2024.04.20: 🎉🎉 RNAErnie has been accepted by Nature Machine Intelligence! The paper will be released soon.
2024.03.21: Add DOI and citation.
2024.01.26: Add ad-hoc pre-training with additional classification task.
2024.01.23: Integrate AUC metric in base_classes.py for simpler usage; Add content and update log section in README.md.

If you have any questions, feel free to contact us by email: wangning.roci@gmail.com.

Installation

Create Environment with Conda

First, download the repository and create the environment.

git clone https://github.com/CatIIIIIIII/RNAErnie.git
cd ./RNAErnie
conda env create -f environment.yml

Then, activate the "RNAErnie" environment.

conda activate RNAErnie

or you could

Run in Docker

Step1: Prepare code

First clone the repository:

git clone https://github.com/CatIIIIIIII/RNAErnie.git

Step2: Prepare running environment

Here we provide two ways to load the docker image.

[Option1] You can directly access the docker image using this link:

https://hub.docker.com/r/nwang227/rnaernie

After docker sign in, you could pull the docker image using the following command:

sudo docker pull nwang227/rnaernie:1.1

NOTE:

If you encounter the errorunauthorized: authentication required, this means that you haven't logged in your docker account to access docker hub.

Sign up a docker account
Login with sudo docker login -u username --password-stdin
Then try to pull the image again.

If you encounter the error Cannot connect to the Docker daemon at unix:///var/run/docker.sock.

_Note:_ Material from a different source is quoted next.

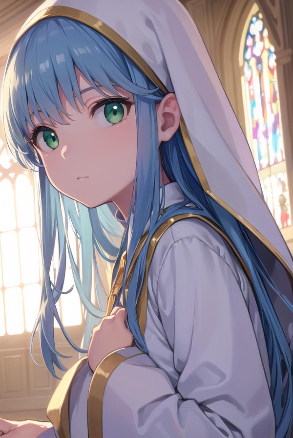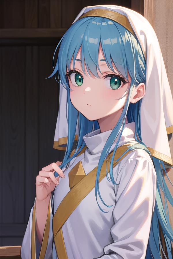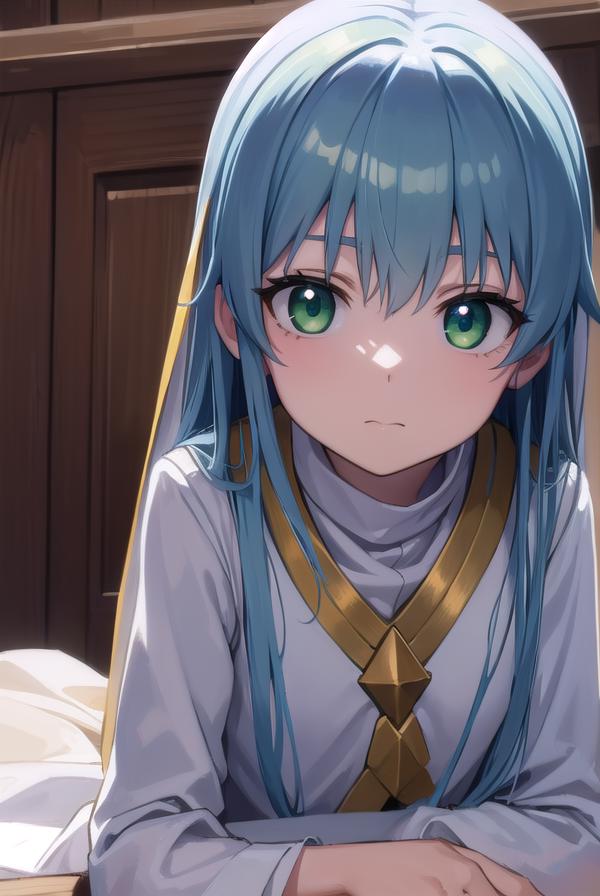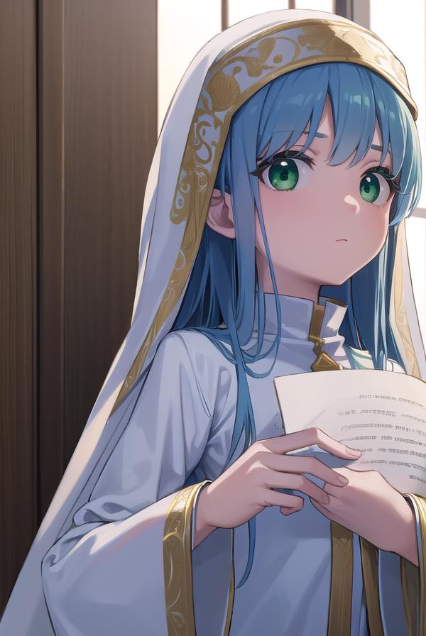 index, (green eyes:1.5), blue hair, long hair,

Is the docke daemon running?, this means that you haven't started the docker service.
- Start the docker service with systemctl start docker
- Then try to run the container again.

[Option2] Or you can download the image tar from Google Drive or use the url as follow

https://drive.google.com/file/d/1Lkgw7w9xGZQ02PnU3yk0cn1V9om2yfd3

and load by

sudo docker load --input rnaernie-1.1.tar

Step3: Run

Run the container with data volumn mounted:

sudo docker run --gpus all --name rnaernie_docker -it -v $PWD/RNAErnie:/home/ nwang227/rnaernie:1.1 /bin/bash

TODO: For python version conflict, RNA secondary structure prediction task is not available in docker image. We will fix in the future.

Pre-training

1. Data Preparation

You can download my selected (nts<512) pretraining dataset from Google Drive or from RNAcentral and place the .fasta files in the ./data/pre_random folder.

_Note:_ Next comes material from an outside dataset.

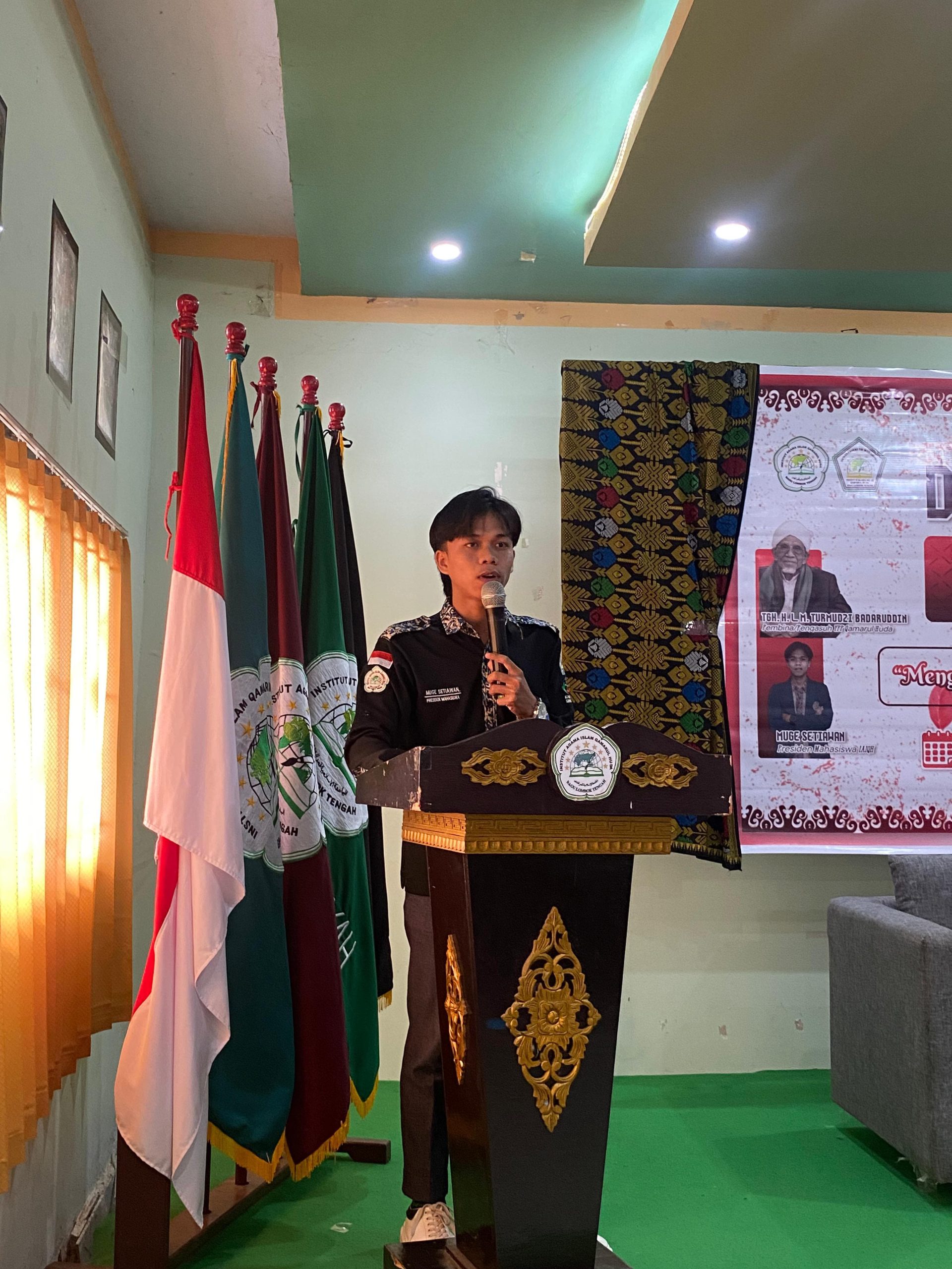 Presiden Mahasiswa IAIQH Bagu, Muge Setiawan, dalam sambutannya menegaskan pentingnya mahasiswa untuk terus berkembang dan adaptif.

Then, you can use the following command to generate the pre-training data:

2. Pre-training

Pretrain RNAErnie on selected RNAcentral datasets (nts<=512) with the following command:

python run_pretrain.py \
    --output_dir=./output \
    --per_device_train_batch_size=50 \
    --learning_rate=0.0001 \
    --save_steps=1000

To use multi-gpu training, you can add the following arguments:

CUDA_VISIBLE_DEVICES=0,1,2,3 python -m paddle.distributed.launch run_pretrain.py

where CUDA_VISIBLE_DEVICES specifies the GPU ids you want to use.

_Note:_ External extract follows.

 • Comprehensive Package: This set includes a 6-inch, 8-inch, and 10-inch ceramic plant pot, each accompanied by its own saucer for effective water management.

3. Download Pre-trained Models

Our pre-trained model with BERT, ERNIE and MOTIF masking strategies could be downloaded from Google Drive and place the .pdparams and .json files in the ./output/BERT,ERNIE,MOTIF,PROMPT folder.

4. Visualization

You can visualize the pre-training process with the following command:

visualdl --logdir ./output/BERT,ERNIE,MOTIF,PROMPT/runs/you_date/

5. Extract RNA Sequence Embeddings

Then you could extract embeddings of given RNA sequences or from .fasta file with the following codes:

import paddle
from rna_ernie import BatchConverter
from paddlenlp.transformers import ErnieModel

# ========== Set device
paddle.set_device("gpu")

# ========== Prepare Data
data = [
    ("RNA1", "GGGUGCGAUCAUACCAGCACUAAUGCCCUCCUGGGAAGUCCUCGUGUUGCACCCCU"),
    ("RNA2", "GGGUGUCGCUCAGUUGGUAGAGUGCUUGCCUGGCAUGCAAGAAACCUUGGUUCAAUCCCCAGCACUGCA"),
    ("RNA3", "CGAUUCNCGUUCCC--CCGCCUCCA"),
]
# data = "./data/ft/seq_cls/nRC/test.fa"

# ========== Batch Converter
batch_converter = BatchConverter(k_mer=1,
                                  vocab_path="./data/vocab/vocab_1MER.txt",
                                  batch_size=256,
                                  max_seq_len=512)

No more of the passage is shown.